Izq.: Representación de un tribunal de la Inquisición semejante al que tanto Isabel de la Cruz como María de Cazallas tuvieron que enfrentarse. Dcha.: Palacio del Infantado de Guadalajara, donde la familia nobiliaria de los Mendoza promovía reuniones relacionadas con la renovación espiritual. 

Cuando tenía 25 años María se fue a vivir a Guadalajara al casarse con Lope de Rueda, un rico propietario con el que tuvo seis hijos. Al llegar a esta ciudad alcarreña empezó a relacionarse con la familia Mendoza y ello le llevó a conocer a Isabel de la Cruz, con la que compartía similares inquietudes espirituales, aunque Isabel lo hacía desde una visión más intuitiva y María desde una perspectiva más racionalista. Cuando Isabel fue encarcelada por la Inquisición, María se convirtió en uno de los principales líderes de los alumbrados, destacando por su intensa actividad como predicadora en la que evidenciaba una extraordinaria capacidad didáctica y un notable conocimiento de la Biblia, cuya interpretación personal no dudó en exponer en escritos que tuvieron gran difusión.

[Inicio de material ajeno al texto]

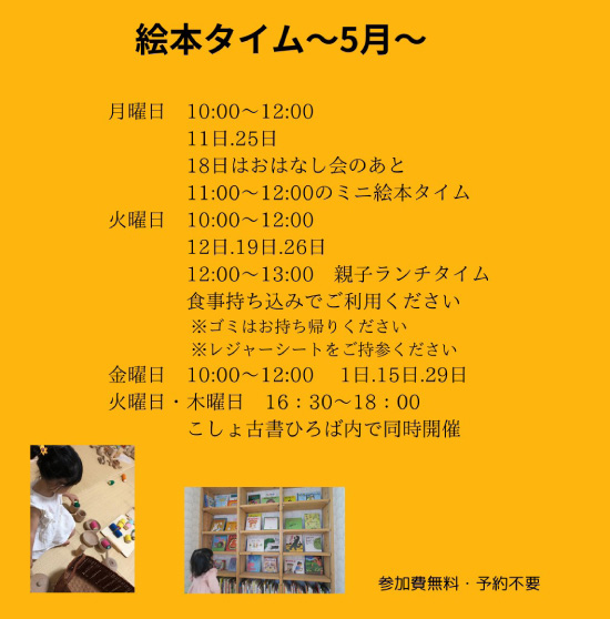 乳幼児親子向けの時間です。参加費無料で予約も不要です。

Sus ideas transgresoras, como la defensa de una vida religiosa alejada de la superficialidad, relativizar el valor de los sacramentos y otorgar superioridad al matrimonio sobre la castidad, junto con su heterodoxa interpretación de los textos sagrados, hicieron que en 1532 fuese encarcelada al ser acusada de hereje por la Inquisición. A pesar de que durante los dos años que duró su encarcelamiento sufrió torturas, no delató a sus seguidores ni renegó de sus ideas, de hecho, haciendo uso de su amplia cultura y de sus dotes retóricas logró hacer frente con solvencia a las argumentaciones de los inquisidores, lo cual, junto a las declaraciones que en su favor hicieron destacados miembros de las poderosas familias que la apoyaban, posibilitaron que fuera absuelta en 1535, aunque tuvo que pagar una elevada multa, cumplir penitencia y retractarse públicamente.

Aunque, en ocasiones, se ha presentado a Isabel y María como representantes del germen del protestantismo en España, hay que recordar que afirmaron no ser partidarias de las ideas de Lutero. Lucharon contra convencionalismos y padecieron una dura persecución por defender heterodoxas ideas de renovación religiosa y, sobre todo, por hacerlo públicamente, algo que estaba especialmente vetado a las mujeres.